DATA EXCERPTS
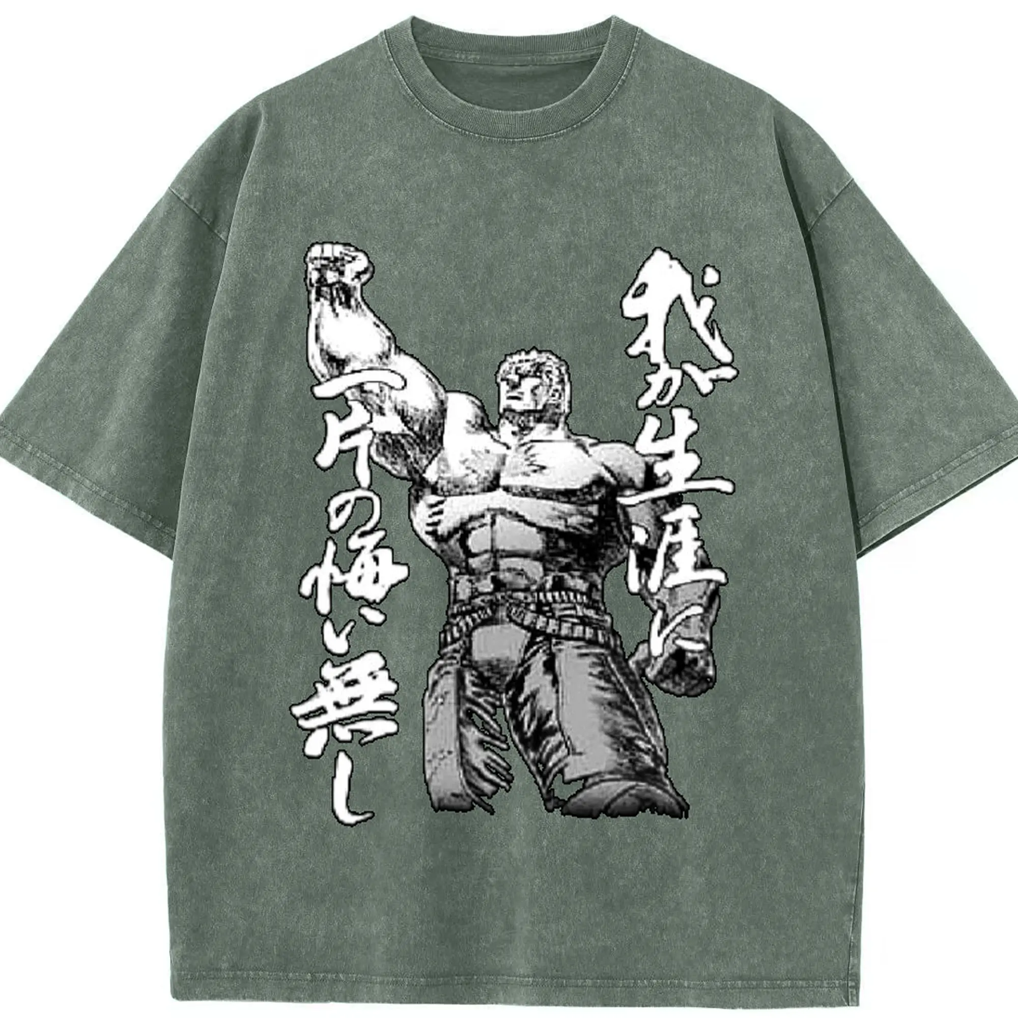 ケンシロウ 名言俺の人生に一片の悔い無し - 綿100% 半袖Tシャツ ・ フロントプリント ・ 快適 通気性 ・ 日常使い 散歩 スポーツ用
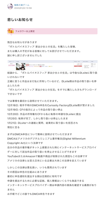 【Dlsite】違法DLユーザーのDMCA申請によって同人ゲームが販売停止になったあげく、無断で海賊版が海外で販売されてしまった件 – Togetter
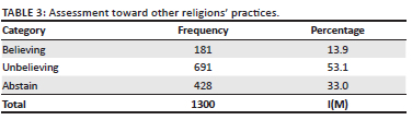 The answer categories for the topic of assessment on the practices of other religions splits into three: believing, unbelieving and abstain. The answer with the highest frequency from respondents is that they do not believe in the practices of other religions. The percentage shows that 53.1% of the respondents claim that the practices of other religions are wrong after having been asked. Only 13.9% of the respondents answer that the practices are right, while the number of people who abstain amounts to 33% (see Table 3).
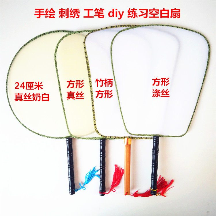 Blank fan group fan round fan palace fan kindergarten painting practice calligraphy diy embroidery cooked Juan alum glue silk craft fan
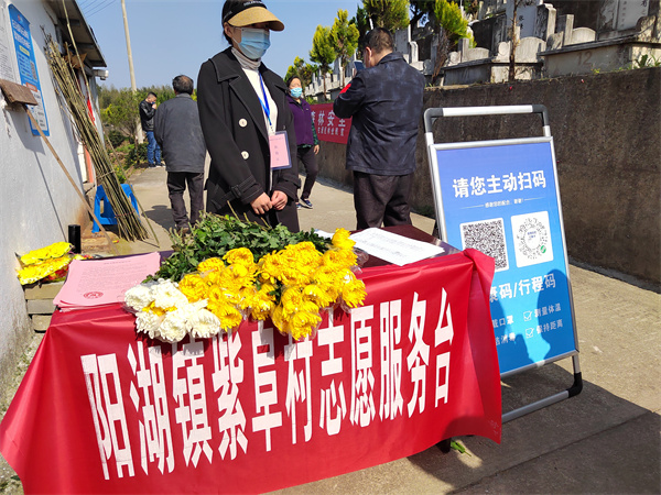 記者瞭解到,在全區各個重點祭祀場所都搭設鮮花兌換臺,鎮村幹部、志願者們都會向陸續前來的祭掃群眾普及鮮花祭祀、網上祭祀等文明祭祀新風尚,以綠色文明的方式追憶逝者、寄託哀思。“我們村共有三個祭祀點,我們在每個點都準備了鮮花,用於紙幣和塑膠花等殯葬用品,進一步提升村民文明祭祀的意識,也讓大家過一個安全的清明節。”陽湖鎮三充村黨支部書記鄭新蓉。
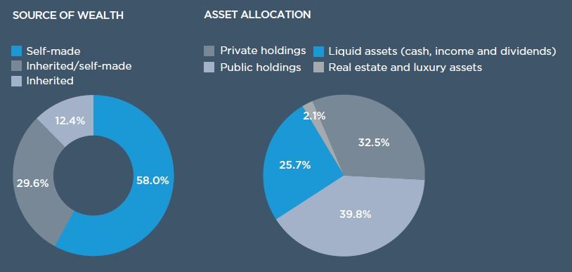 Milyarderlerin çoğunluğu servetlerini kendileri oluşturuyor (%58). %29.6'sı hem kendi çabasıyla hem de kalan mirasla oluştururken diğer kesim (%12.4) miras yoluyla servet sahibi olduğunu belirtmiş. Varlık tahsisine baktığımızda milyarderlerin en çok gayrimenkul ve lüks ürünlere yatırım yaptıkları görülüyor. Bunu %32.5 ile özel şirketler, %25.7 ile likit varlıklar ve %2.1 ile kamuya açık şirketler oluşturuyor.
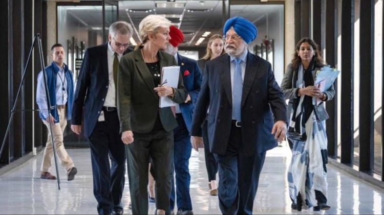 केंद्रीय पेट्रोलियम और प्राकृतिक गैस मंत्री हरदीप सिंह पुरी और अमेरिका के उर्जा सचिव जेनिफर ग्रानहोम के बीच द्विपक्षीय
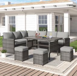 Brand New Gray Patio Sectional Sofa Couch With Dining Table And 3 Ottomans $800Alafaya, FL
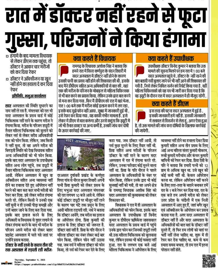 भभुआ कार्यालय. सदर अस्पताल के प्रसव वार्ड में मंगलवार की रात महिला चिकित्सक नहीं रहने पर प्रसव के लिए आयी महिला के परिजनों के द्वारा किये गये हंगामें के बाद अस्पताल प्रशासन ने यह निर्णय लिया है कि अब रात में भी महिला चिकित्सक ड्यूटी के दौरान अस्पताल में ही तैनात रहेंगी. इससे पहले अभी तक यह नियम था कि रात में महिला चिकित्सक ड्यूटी के दौरान ऑन कॉल अपने घर पर रहेंगी. ऑन कॉल का मतलब होता है कि जब कोई मरीज रात में आये और उसके इलाज के लिए चिकित्सक की जरूरत हो, तो जिस महिला चिकित्सक की ड्यूटी रहती थी उसे प्रसव वार्ड में तैनात नर्सों द्वारा फोन किया जाता था और उन्हें अस्पताल में आकर उक्त महिला मरीज का ऑपरेशन या इलाज करना होता था. लेकिन, मंगलवार की रात यह देखा गया कि दुर्गावती प्रखंड के कर्णपुरा पिपरा गांव से प्रसव के लिए चंदन तिवारी की पत्नी प्रिया कुमारी जब सदर अस्पताल पहुंची, तो वहां पर कोई भी चिकित्सक ड्यूटी में मौजूद नहीं था. लगभग दो से तीन घंटे तक चिकित्सक के नहीं रहने के कारण मरीज तड़पती रही. इसके बाद परिजनों द्वारा अस्पताल में हंगामा किया गया था. इसके बाद भी जब चिकित्सक नहीं आयी, तो अपने स्थानीय विधायक रामगढ़ के अशोक कुमार सिंह सहित स्वास्थ्य विभाग के वरीय अधिकारियों को मरीज के परिजनों द्वारा फोन किया गया. हंगामा की सूचना मिलने पर अस्पताल उपाधीक्षक डॉक्टर विनोद कुमार डीपीएम ऋषिकेश जायसवाल सहित अन्य लोग जब सदर अस्पताल पहुंचे, तब किसी तरह हंगामा कर रहे लोगों को शांत कराया और महिला चिकित्सक को सूचना दे उन्हें बुलवाया गया. जब महिला चिकित्सक आयी, तो उनके द्वारा उक्त मरीज सहित तीन अन्य तीन मरीजों को भी रेफर कर दिया गया. इधर, महिला चिकित्सक को बुलाने के लिए जब अस्पताल उपाधीक्षक ने फोन किया तो, अस्पताल उपाधीक्षक के मुताबिक महिला चिकित्सक ने यह कहा कि जब आप यहां रहेंगे, तभी मैं यहां रात में ड्यूटी करूंगी. इस तरह की स्थिति उत्पन्न होने एवं हंगामा होने के बाद अस्पताल उपाधीक्षक ने प्रभात खबर में उक्त मामला प्रमुखता से गुरुवार के अंक में ””रात में डॉक्टर नहीं रहने से फूटा गुस्सा, परिजनों ने किया हंगामा”” शीर्षक से खबर प्रकाशित होने के बाद यह आदेश निकाला है कि अब महिला चिकित्सक रात में भी ड्यूटी के दौरान अस्पताल में ही रहेंगी. साथ ही उनके रात में ठहरने के लिए अस्पताल प्रशासन के द्वारा कमरे की भी व्यवस्था कर दी गयी हैं, जहां वह रात्रि में ड्यूटी के दौरान ठहरेंगी. बहस करने पर अस्पताल उपाधीक्षक में सिविल सर्जन को करवाई के लिए भेजी रिपोर्ट अस्पताल के कर्मियों के बुलाई जाने पर ड्यूटी के दौरान रात में अस्पताल नहीं आने और इसे लेकर पूछे जाने पर उपाधीक्षक से बहस करने को लेकर महिला चिकित्सक डॉक्टर मन
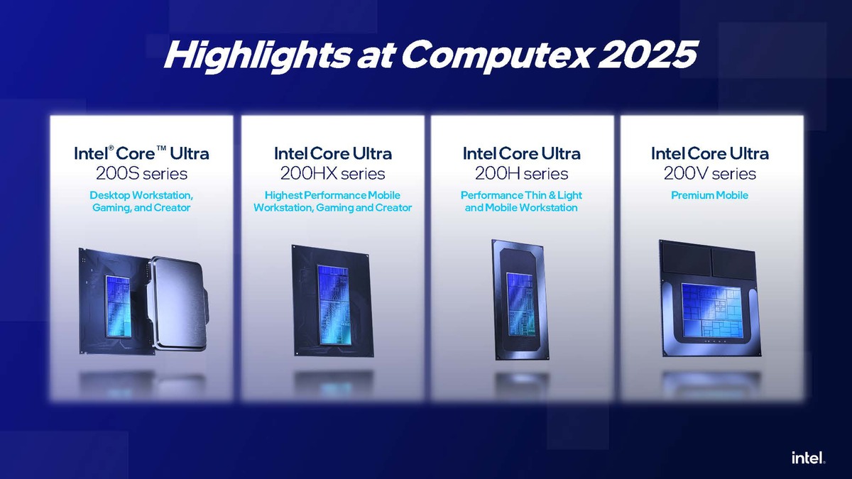 インテルはCOMPUTEX TAIPEI 2025に関連したプレス向けイベントを台北市内で開催。クライアントPC向け製品の最新ラインナップを公開し、ワークステーション、ゲーミング、プレミアムモバイルといった多様な用途に対応するCore Ultra 200シリーズプロセッサー群をあらためて詳細に紹介した。
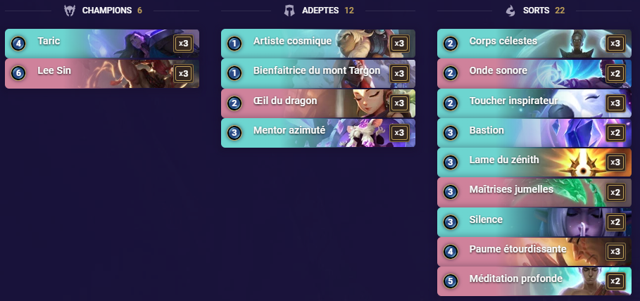 Ce deck combo est assez unique : il vise à monter de niveau Lee Sin en jouant beaucoup de sorts, afin de le booster avec Lame du zénith pour qu'il puisse one-shot un adversaire grâce à Surpuissance. En prime, Taric est présent pour aider Lee Sin à rester en vie, tandis que des cartes comme Oeil du dragon et Méditation profonde ont une excellente synergie avec les nombreux sorts de ce deck.
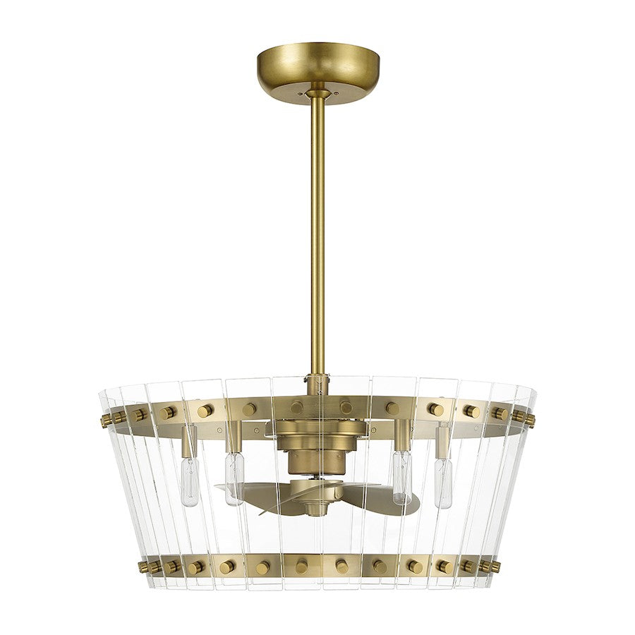 This Savoy House Ventari 5-Light Fan D'Lier is beautifully elegant in its simplicity. Its structure is adorned with slats of clear glass, finished in matte black or warm brass and appears to be suspended in midair. Ventari is 30" in height and 24" in width. Five 6-watt candelabra size LED bulbs are included. Fan D'Liers are a Savoy House exclusive that combines the best of ceiling fans with the best of chandeliers in one fabulously fashionable fixture. These custom designs are inspired by high-end designer styles and take top trends to a whole new level.
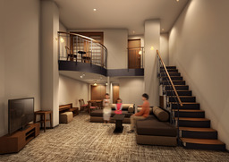 客室内に階段を配した二階層のメゾネットタイプ客室が、より快適な空間へと生まれ変わります。リゾートならではの広々とした間取りで独立したツインルームを2室設け、三世代旅行やグループ旅行に最適です。
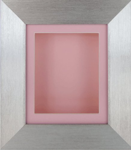 BabyRice Deepボックス表示フレームfor 2d 3d ArtオブジェクトMedal Keepsake Baby Casts 1st Bootees花Brushedシルバー/ピンクマウント/ピンクBacking

EXERCISE REQUIREMENTS
When you reach the line with "記者瞭解到,在全區各個重點祭" in the records above, begin repeating the lines exactly, and stop after the line with "Milyarderlerin çoğunluğu servetlerini". Skip all pictures.

YOUR SOLUTION
 記者瞭解到,在全區各個重點祭祀場所都搭設鮮花兌換臺,鎮村幹部、志願者們都會向陸續前來的祭掃群眾普及鮮花祭祀、網上祭祀等文明祭祀新風尚,以綠色文明的方式追憶逝者、寄託哀思。“我們村共有三個祭祀點,我們在每個點都準備了鮮花,用於紙幣和塑膠花等殯葬用品,進一步提升村民文明祭祀的意識,也讓大家過一個安全的清明節。”陽湖鎮三充村黨支部書記鄭新蓉。
 Milyarderlerin çoğunluğu servetlerini kendileri oluşturuyor (%58). %29.6'sı hem kendi çabasıyla hem de kalan mirasla oluştururken diğer kesim (%12.4) miras yoluyla servet sahibi olduğunu belirtmiş. Varlık tahsisine baktığımızda milyarderlerin en çok gayrimenkul ve lüks ürünlere yatırım yaptıkları görülüyor. Bunu %32.5 ile özel şirketler, %25.7 ile likit varlıklar ve %2.1 ile kamuya açık şirketler oluşturuyor.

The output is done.